Double-contrast barium enema (DCBE), also referred to as air-contrast barium enema, or a barium enema with air contrast and sometimes known as lower GI series, is basically a type of an x-ray test in which a chalky liquid (barium sulfate) and air is used to outline the inner part of the colon and rectum to look for abnormal areas on x-rays [16-19]. A clear liquid diet is taken for a day or two before the procedure, and eating or drinking dairy products is avoided the night before the start of the procedure. The procedure takes about 45 minutes and does not require sedation. Moreover, the colon and rectum needs to be cleansed the night before the test by laxative intake, and/or use of enemas the morning of the exam. At testing, a small flexible tube is inserted into the rectum, and barium sulfate liquid is pumped into it in order to partially fill and opens the colon. Air is then pumped into the colon through the same tube, which may lead to bloating, cramping and discomfort, in addition to an urge for a bowel movement. X-ray pictures of colon lining are taken. If polyps or other suspicious areas are observed, a colonoscopy may also be needed.

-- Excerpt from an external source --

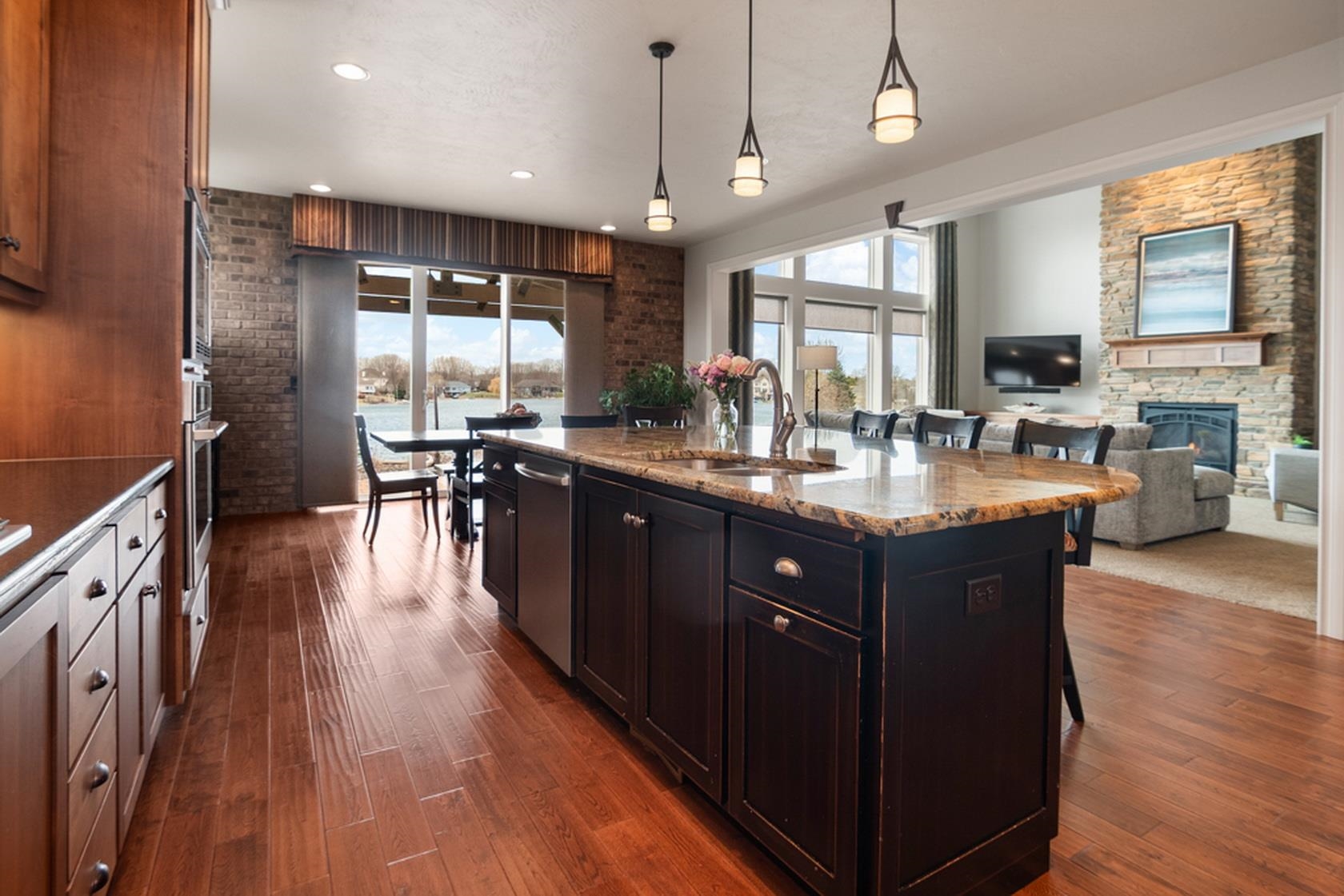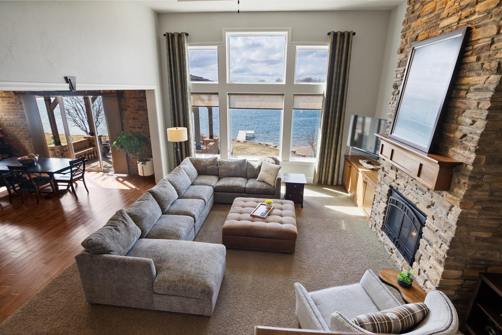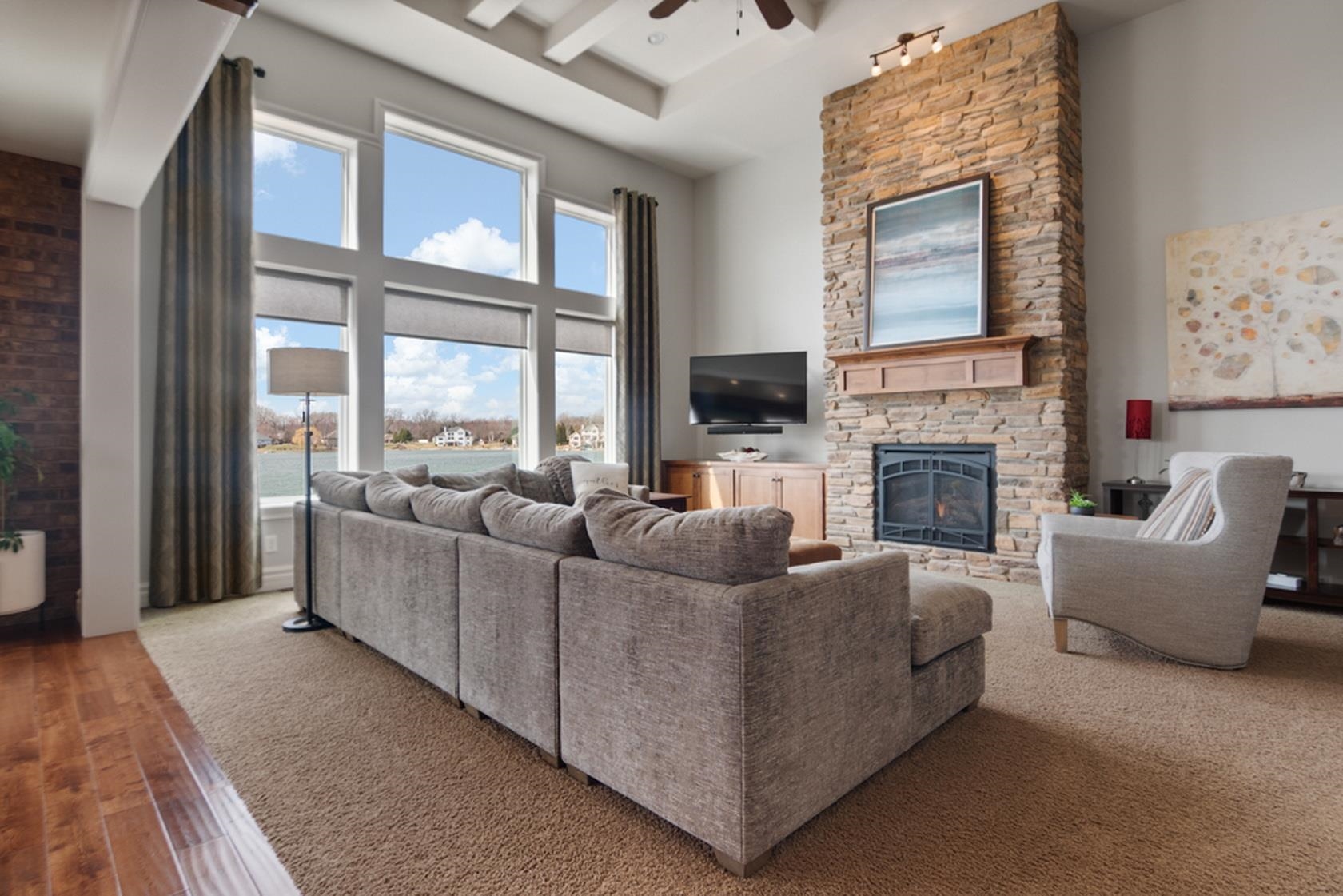 Over 110' of panoramic frontage on Harbor Lights Lake in Suamico with your very own beach! An extremely rare find with over 5,200 Sq Ft, fully updated interior, custom-built showcase with high quality finishes, amenities & materials throughout. Flexible layout with 1st floor ensuite with great lake views, walk-in closets (2), walk-in tile shower, heated floors, 1st floor office/flex room, 9-10' ceilings, great room with balcony, coffered ceiling, floor to ceiling stone fireplace, spacious kitchen/dinette/hearth room - amazing layout for entertaining! Chefs kitchen with oversized island, appliances included, granite countertops. Cozy hearth room, walk-in pantry, mud room/lockers, 1st floor laundry, large storage closet, 4 add oversized bedrooms.

The barium could cause constipation for a few days after the procedure, and there is a small risk due to inflating the colon with air, which could injure or puncture the colon, in addition to an exposure to a relatively small amount of radiation [18].
Colonoscopy, based upon the same principles as sigmoidoscopy, allows visualization of the entire colon. Although it is the “gold standard” for CRC screening, for the 70 million people older than 50 years of age in the USA, it requires an unpleasant bowel preparation, the test itself could be uncomfortable, but sedation usually helps, and some people could experience low blood pressure or changes in heart rhythm during the test due to the sedation, although these side effects are not serious. If polyps are removed or a biopsy is taken during the procedure, blood can be observed for a day or two after the test, and in rare cases when bleeding continues, it could require treatment [11]. The test could cost $10 billion per year and exceed the physician capacity to perform this procedure, requires cathartic preparation and sedating or anesthetizing the patient, and it has an increased risk of morbidity or mortality due to perforation of the GI [35]. Moreover, studies found that the range of colonoscopy miss rates for right-sided colon cancer was 4.0%, 12-13% for adenomatous polyps 6-9 mm, and 0-6% for polyps ≥ 1 cm in diameter (36). Clearly, a simple, inexpensive, noninvasive, sensitive and specific screening test is badly needed to identify people at risk for developing advanced adenomas (e.g., polyps ³ 1 cm with high grade dysplasia) or CRC who would benefit from a subsequent colonoscopy examination.
Virtual colonoscopy (CT colonography) is an advanced type of computed tomography (CT or CAT) scan of both the colon and rectum. It involves examination of a computer generated 3D presentation of the entire GI tract by reconstructing of either a computerized tomography (CT) or a magnetic resonance imaging. This test does not require sedation, but it requires bowel preparation and the use of a tube placed in the rectum --as in barium enema-- to fill the colon with air, and also the drinking a contrast solution before the test in order to tag any remaining stool in the colon or the rectum. The procedure takes about 10 minutes, and it is especially useful for people who do not want to take the more invasive colonoscopy test. This method detects lesions based on their site, rather than their histology, and is thus unable to distinguish benign adenoma from an invasive carcinoma. It was shown in a meta-analysis of 33 studies involving 6,393 patients that this test has a low sensitivity for polyps (48% for polyps < 6 mm, 70% for polyps 6-9 mm and 85% for polyps > 9 mm). Furthermore, the test is expensive, and requires the availability of experts, which could reduce patients’ compliance [37]. CT is still considered as an investigational alternative for asymptomatic, not at risk individuals, which also results in the expose of patients to a small amount of x-irradiation, and it can also miss the detection of small lesions [38].
In an effort to find a more pragmatic early biomarker noninvasive colon cancer detection methods, investigators have developed many in vitro tests such as epigenetic methylation marker changes in genes and chromosomal loci in fecal DNA [39], promoter DNA methylation in stool [40], mutated DNA markers found in neoplastic cells that are excreted in feces [41,42], or the minichromosomal maintenance proteins (MCMs) needed for DNA replication test [17], proteomics’-based approaches in stool or blood [43], and transcriptomic mRNA-based approaches in stool or blood [26], or a combination of both genetic, as well as epigenetic tests [44].
Molecular studies have shown the presence of mutations of K-ras in DNA from stool of patients, but its drawbacks include its expression by fewer than half of large adenomas and carcinomas. In addition, its expression in non-neoplastic tissue makes it less than an optimal molecular marker. Besides, mutations are only found in a portion of the tumors, making the test to be a less sensitive one [45].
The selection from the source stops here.